I only did a couple of additional research papers with Emil once I left Rochester. I would’ve been happy to keep working with him more extensively, but he had new students to work with and lots of collaborators eager for his attention, so I was happy just to keep in touch and see him in Rochester and occasionally at meetings. In 2012, I saw him and Taco Visser at an OSA Frontiers in Optics meeting, and captured a delightful photo that captures the fact that Emil was not only a great scientist, but a fun person to be around.

Emil passed away in 2018. In 2020, Cambridge released a 60th anniversary edition of Principles of Optics, including introductions from some luminaries in the optical sciences. I was asked, and volunteered, to reproduce the cover image once again with a different color palette.
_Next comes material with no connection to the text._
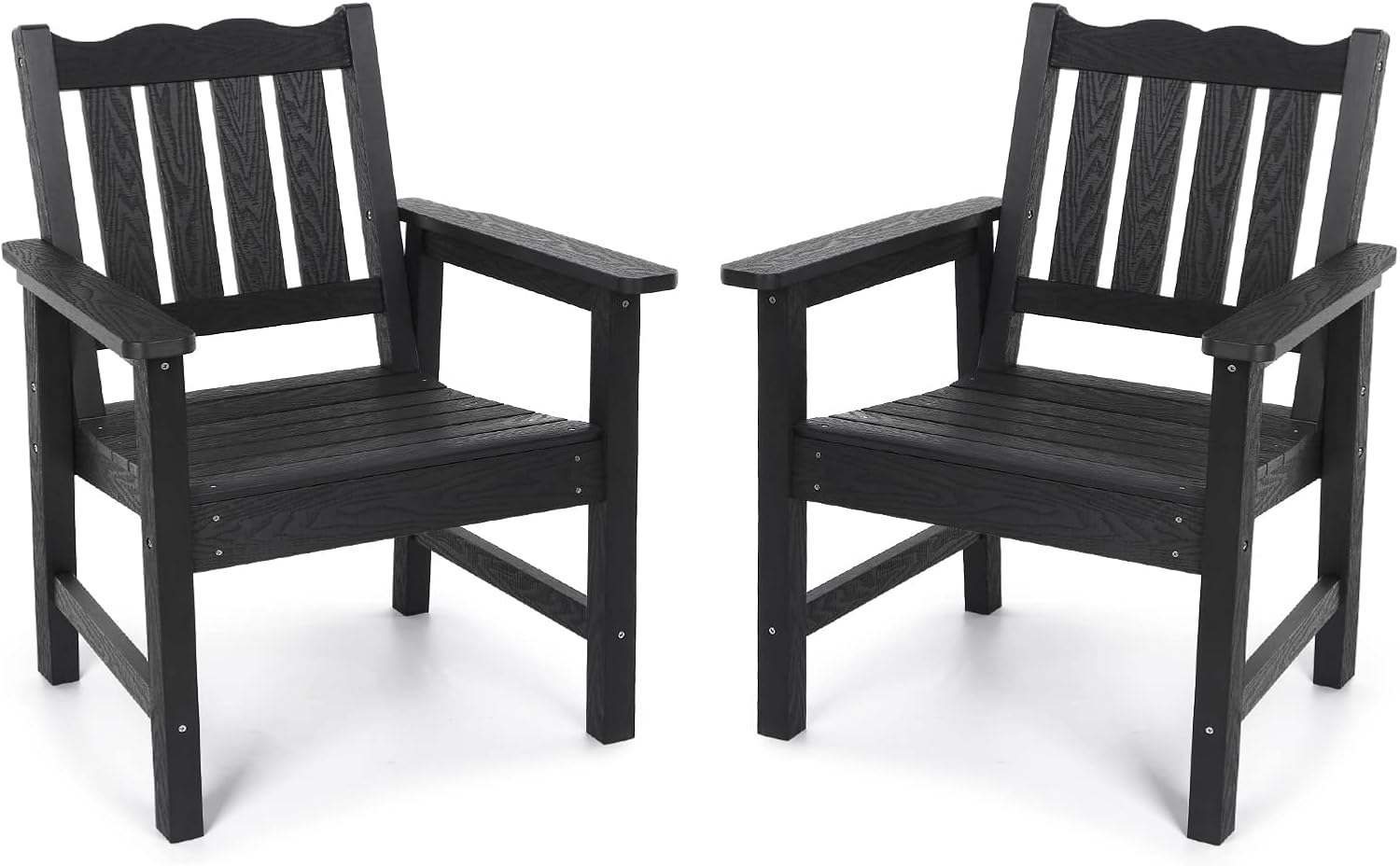 Stoog All-Weather Patio Chairs Set of 2, Outdoor Dining Chairs with Curved Backrest, 400 lbs Support Garden Chair, Black

Originally, I was supposed to provide some explanation of the cover image for the text, but life got in the way and the book was published without my commentary. Let me instead provide some context based on a CD I did of Emil Wolf’s publications many years earlier, where I combined a few images from Emil’s focusing work to tell a story.

What I wrote about it:

The logo used on most of the pages of these collected papers represents both the scientific and technological advances that have progressed during Professor Wolf’s long and distinguished career.

The bottom image (black and white) is the schematic of the intensity of the field in the region of focus, as shown in Principles of Optics (section 8.8) or paper 27. This image, made in the pre-computer days, took Professor Wolf months to complete because of the complicated calculations involved.

The middle image (bluescale) is the intensity in the focal region as plotted by Professor P. Scott Carney (then a student) for the cover of the seventh edition of Principles of Optics . On computer, the calculation took less than an hour to complete.

The topmost image (red and blue) represents the mean frequency of the spectrum in the focal region of focused polychromatic light, which may be considered a generalization of the above-mentioned monochromatic case. This work (some of my own) may be seen in paper 319. Because of the more laborious calculations involved, this figure took over a week to generate on a computer dedicated to that purpose, a time much closer to the time it took to make the original intensity figure. So even though the technology has progressed rapidly, we continue to push its limits in pursuit of the answers to “deeper” questions.

Anyway, I hope you enjoyed this look back at some of my time with Emil. There’s even more discussion of my time with him in my book on Invisibility, since I worked with him on the subject.

Miss you, Emil!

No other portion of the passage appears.